| What you should do |
Exactly transcribe the span of lines from the one containing "The models’ results" through the final line of the entries, inclusive, and nothing outside it. Exclude the pictures.

---+---

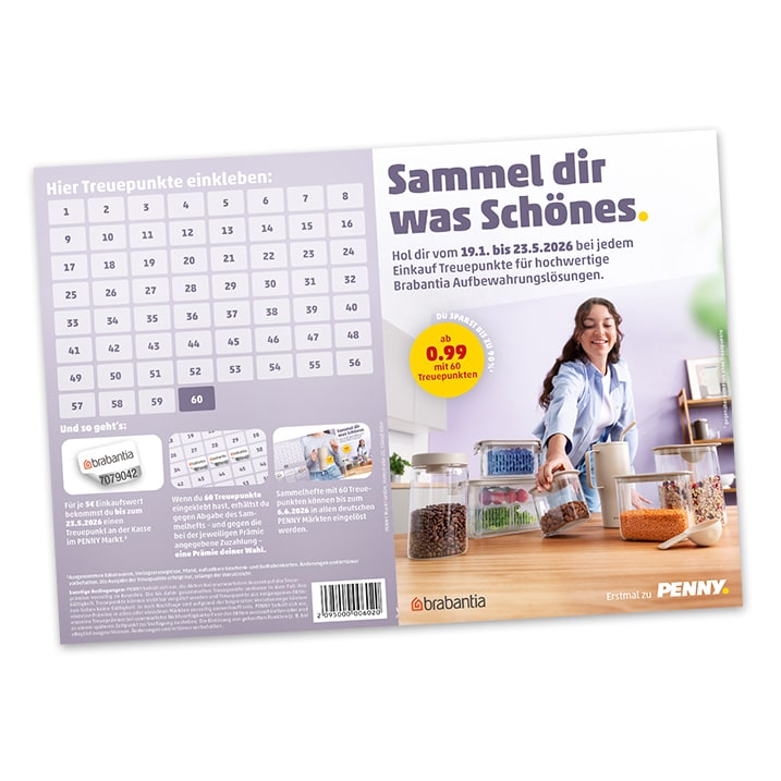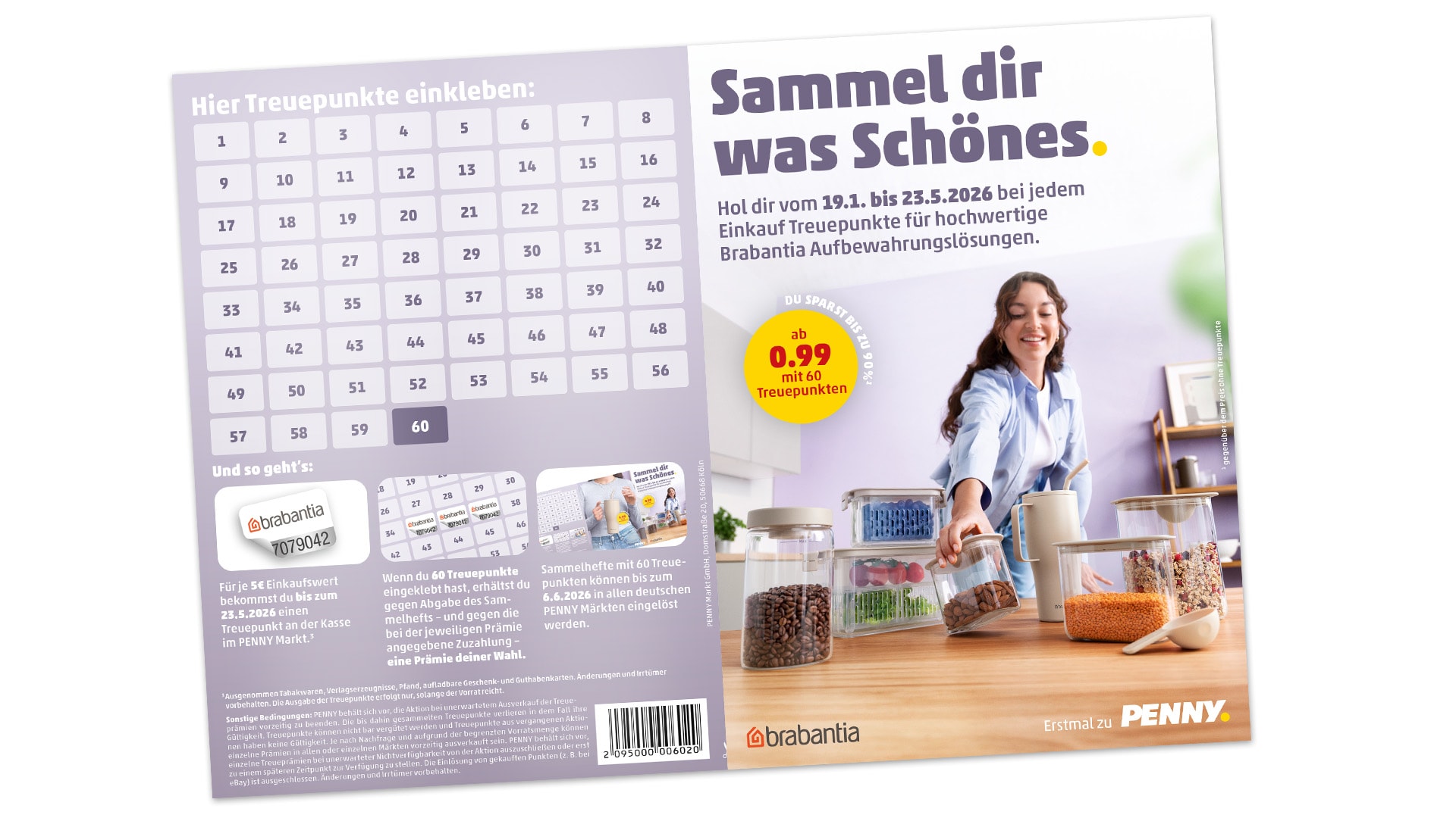 Du erhältst das Sammelheft zur Treueaktion entweder an der Kasse in deinem PENNY Markt oder kannst es dir hier ganz einfach downloaden. Dann kannst du bei deinem Einkauf fleißig Treuepunkte sammeln und einkleben, um eine Prämie deiner Wahl zu erhalten. Auf geht's!
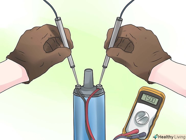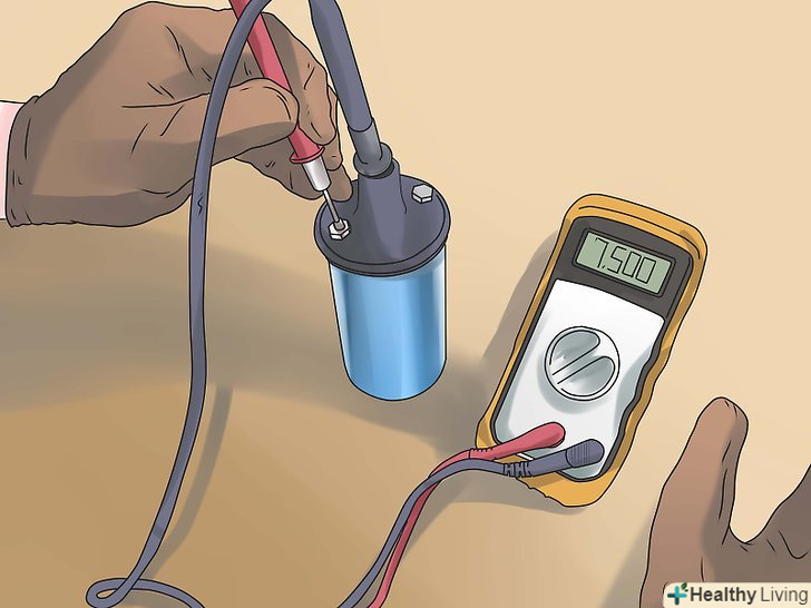 Зніміть котушку з автомобіля.нижчеописаний тест-єдиний спосіб переконатися, що Котушка запалювання повністю справна. Якщо у вас є омметр, прилад, який вимірює електричний опір, ви можете точно виміряти параметри котушки запалювання і визначити її функціональність кількісно, на відміну від способу, описаного вище. Але для цього доведеться зняти її з автомобіля, щоб мати легкий доступ до електричних контактів.- Подивіться в інструкції до автомобіля, як зняти котушку запалювання. Вам доведеться від'єднати дроти, що йдуть до розподільника запалювання, а потім відкрутити її від кріплення гайковим ключем. Переконайтеся, що запалювання вимкнено.
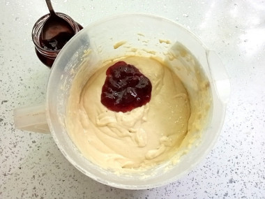 В отдельную посуду вливаем кефир комнатной температуры и добавляем варенье или повидло - я брала яблочное. От вида варенья будет зависеть цвет и вкус торта. Перемешиваем миксером на малых оборотах до однородности.
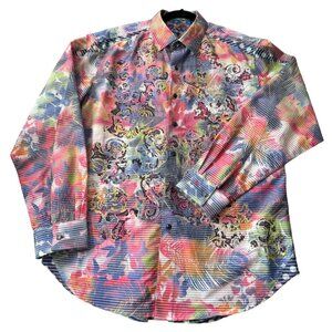 Robert Graham Limited Edition Crystal Buttons Pastel Floral RARE Shirt Men's Large
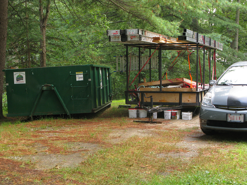 | What I'll probably never know is what happened to all this debris. At least it wasn't a huge lead-paint hazard, per my tests, but while Synergy and I had talked about a *possibility* of recycling the shingles and such which would have required a second dumpster and more careful sorting that didn't even come close to happening, and everything got indiscriminately pitched into one skip and hauled away and that's all we knew about it. |
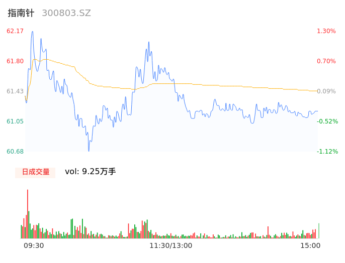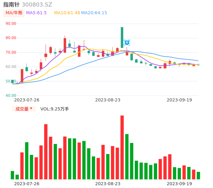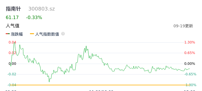 09月19日,指南针收报61.17,股价涨幅-0.33%,成交金额5.68亿元,换手率2.29%。
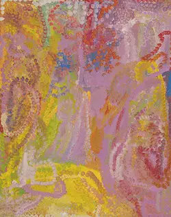 Lot 38 – Emily Kngwarreye, Merne Alhalkere, 1993. Synthetic polymer paint, 153 x 121.5 cm, est. $80,000-$100,000. Emily Engages
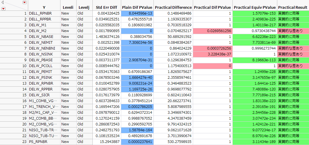 「Plain Dif PValue」列では、「差がゼロである」という帰無仮説に対して有意である応答を確認できます。「Practical Diff PValue」列と「Practical Equiv PValue」列には、実質的な差と実質的な同等性に対する検定のp値が表示されます。多数の比較において、「差がゼロである」という帰無仮説に対する検定には統計的有意差を示しています。しかし、実質的有意差を示しているものは多くありません。
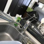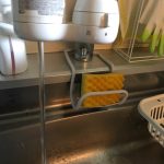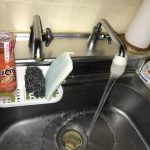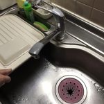 台所収納内から排水ホースを外し、落としてしまった異物もろもろを除去することで詰まりは解消しました。作業前
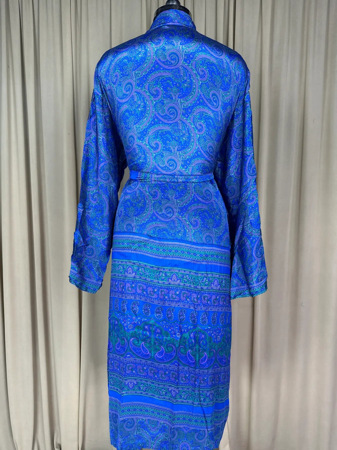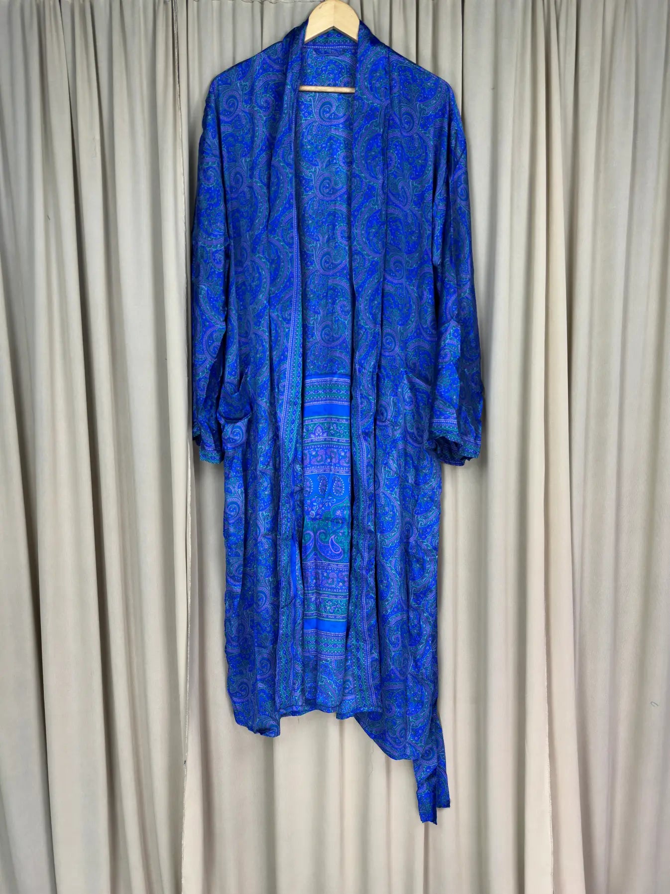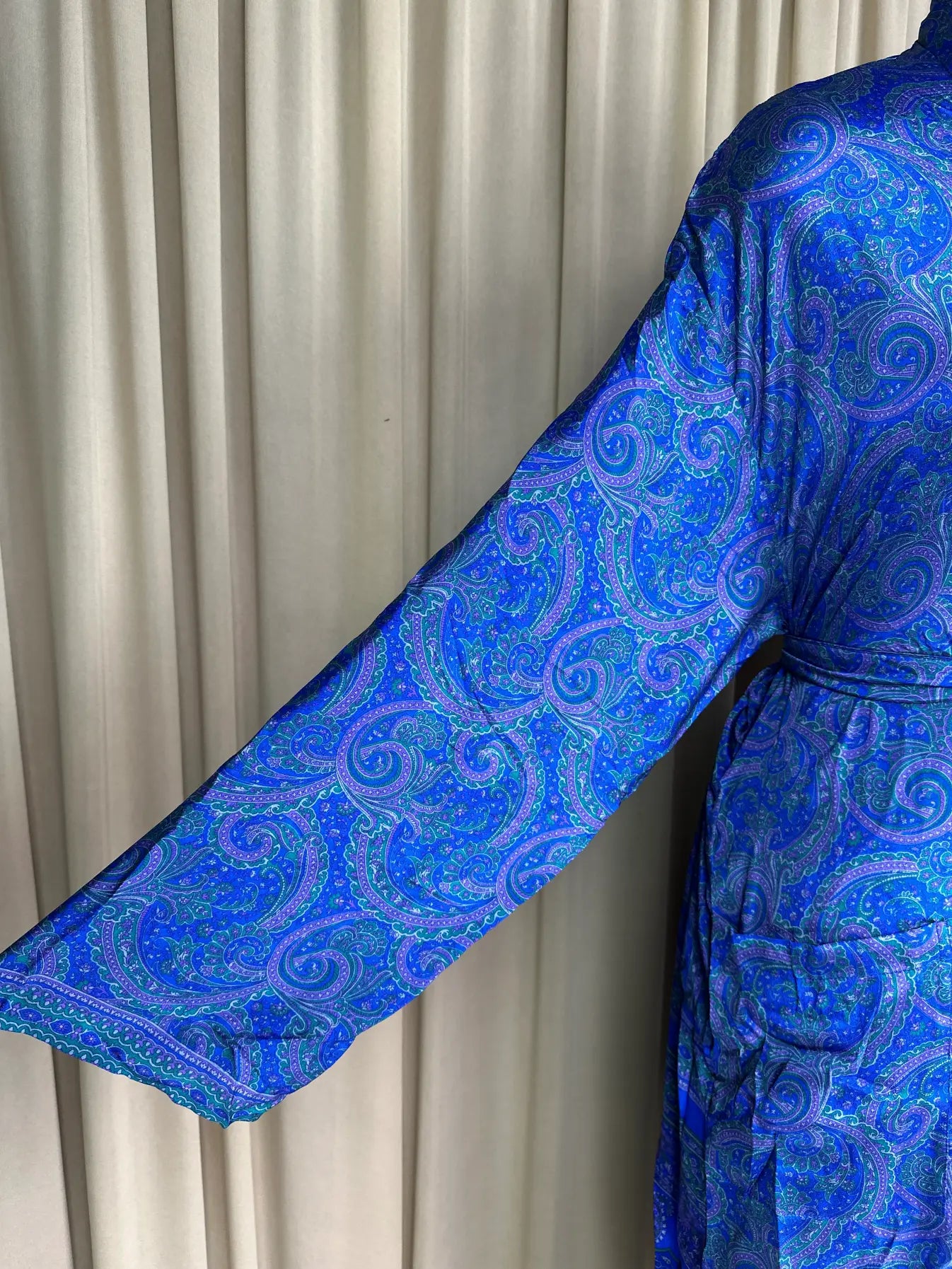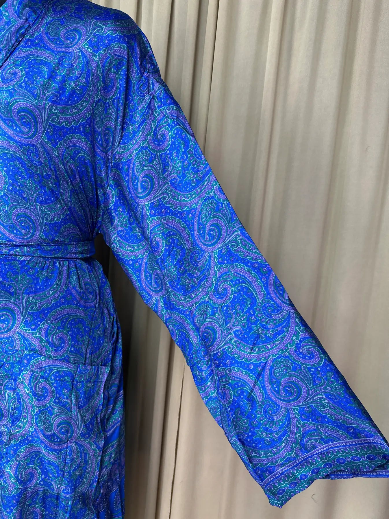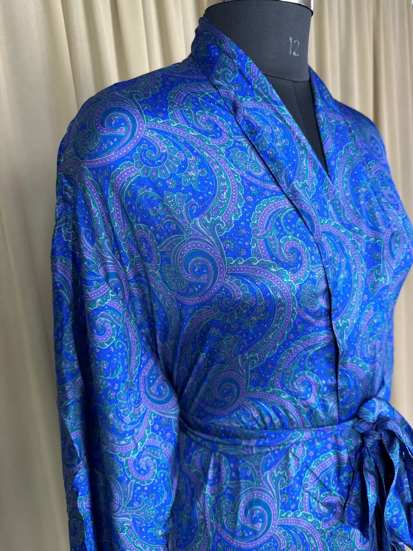 Silky Soft Men’s Kimono Robe, Masculine Elegant Classic Sustainable Vintage House Robe gift, Timeless Comfy Lounge Beach Wear | Blue Paisley
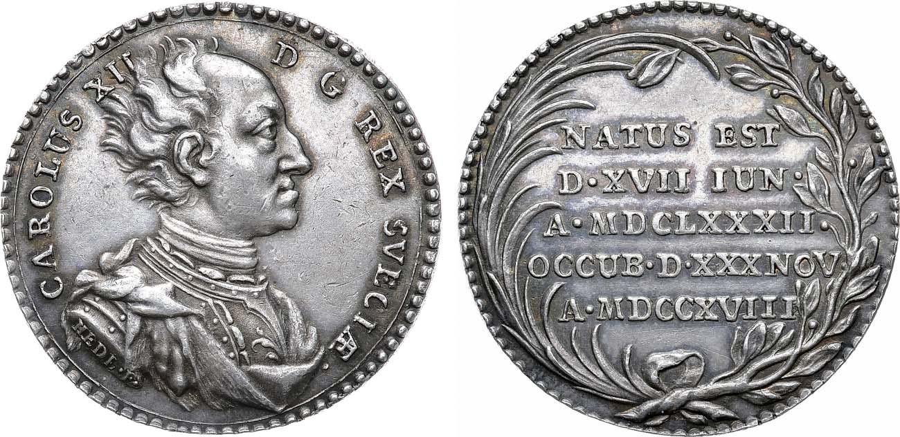 Серебро. 13,61г. Стокгольм. Диаметр 32 мм. Медальер Иоганн Карл фон Хедлингер ("HEDT•F•" - на аверсе в обрезе рукава). Hildebrand 199. AU 58.
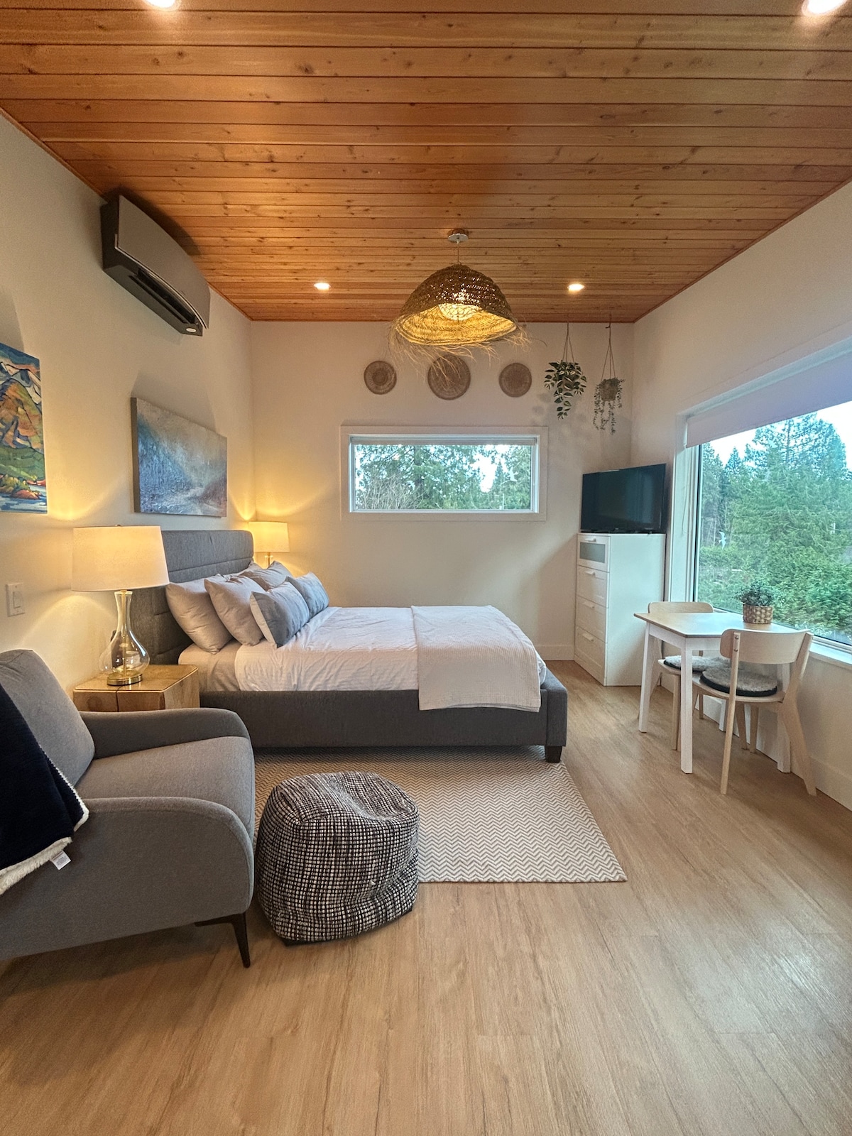 Vår licensierade svit med havsutsikt (byggd 2022) ligger centralt på Sunshine Coast i West Sechelt. Det är 5 minuters bilresa (20 minuters promenad) in till staden med busshållplatsen 2 minuter från ytterdörren. Luta dig tillbaka och koppla av på den rymliga uteplatsen där du kan njuta av vår gaseldskål, Weber BBQ och bakgården efter en dags utforskning. Vår privata svit med ett sovrum har en queen size-säng, en utdragbar bäddsoffa, en smart 50-tums-TV, höghastighetsinternet via fiberoptik och luftkonditionering.
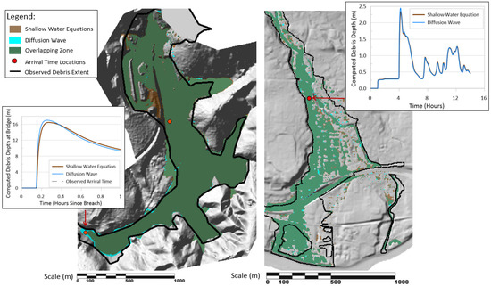 The models’ results presented in all previous figures used the full Shallow Water Equation (SWE) solver in HEC-RAS (USACE, 2021). However, DebrisLib and the non-Newtonian capabilities are also connected to the HEC-RAS Diffusion Wave (DW) [28] solver. Diffusion wave hydraulics ignore the acceleration term in the SWEs, making them less accurate, but faster and more stable. The study team ran each of these models with the DW equations, and representative comparisons are mapped in Figure 11. DW required about half the run time as the SWE models.
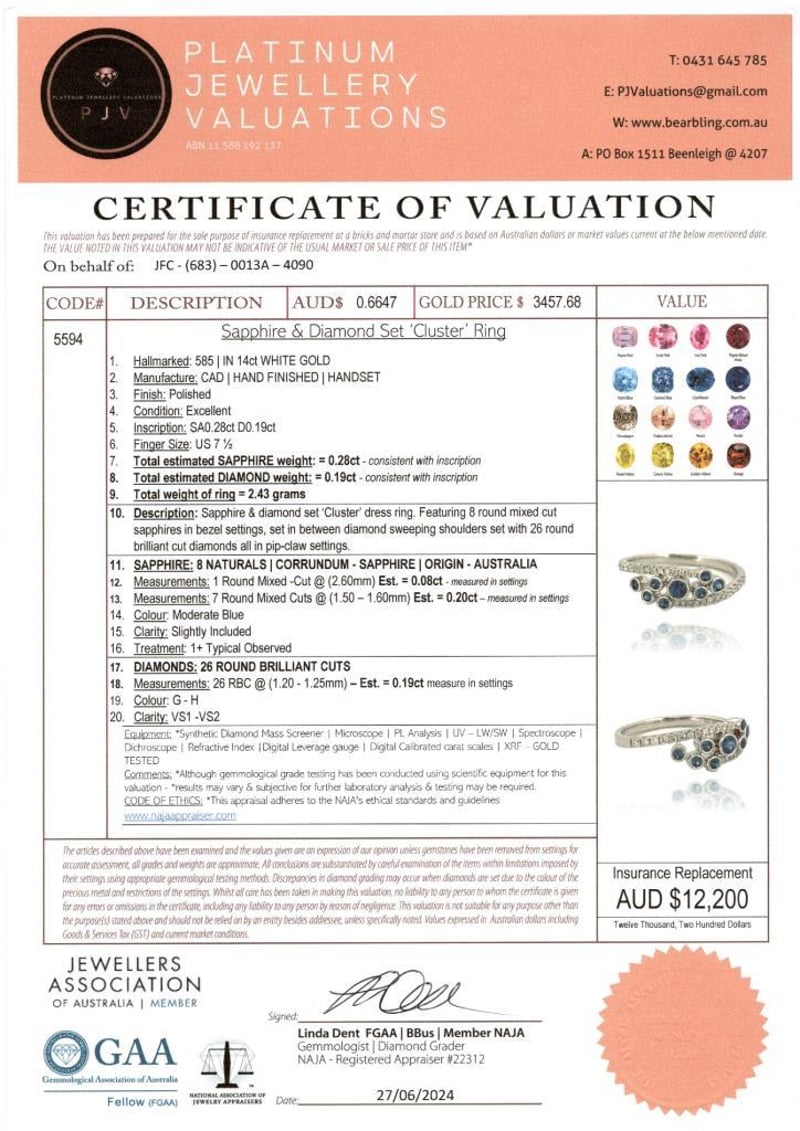 14CT WHITE GOLD AUSTRALIAN SAPPHIRE AND DIAMOND DRESS RING Featuring, 8 Round Cut, Moderate Blue Australian Sapphires (0.28Ct, Slightly Included), Bezel Set, With 26 Round Brilliant Cut Diamonds (0.19Ct Tdw, G-H Colour, Vs1-Vs2 Clarity), Pip Claw. Ring Size O. Valuations Provided by an Independent Third-Party Professional Not Directly Associated With Lloyds Auctions at AUD $12200This valuation has been conducted by an independent third-party professional. The valuation amount is an assessment by the issuing valuer and does not reflect the auction value of the item. Any inquiries regarding the valuation should be directed to the issuing valuer (refer to contact details on the certificate), as Lloyds Auctions has no affiliation or influence over the valuation, the valuer, or the stated amount. Condition: Good - Refer Images 0582871+1923

---+---

| Expected answer |
 The models’ results presented in all previous figures used the full Shallow Water Equation (SWE) solver in HEC-RAS (USACE, 2021). However, DebrisLib and the non-Newtonian capabilities are also connected to the HEC-RAS Diffusion Wave (DW) [28] solver. Diffusion wave hydraulics ignore the acceleration term in the SWEs, making them less accurate, but faster and more stable. The study team ran each of these models with the DW equations, and representative comparisons are mapped in Figure 11. DW required about half the run time as the SWE models.
 14CT WHITE GOLD AUSTRALIAN SAPPHIRE AND DIAMOND DRESS RING Featuring, 8 Round Cut, Moderate Blue Australian Sapphires (0.28Ct, Slightly Included), Bezel Set, With 26 Round Brilliant Cut Diamonds (0.19Ct Tdw, G-H Colour, Vs1-Vs2 Clarity), Pip Claw. Ring Size O. Valuations Provided by an Independent Third-Party Professional Not Directly Associated With Lloyds Auctions at AUD $12200This valuation has been conducted by an independent third-party professional. The valuation amount is an assessment by the issuing valuer and does not reflect the auction value of the item. Any inquiries regarding the valuation should be directed to the issuing valuer (refer to contact details on the certificate), as Lloyds Auctions has no affiliation or influence over the valuation, the valuer, or the stated amount. Condition: Good - Refer Images 0582871+1923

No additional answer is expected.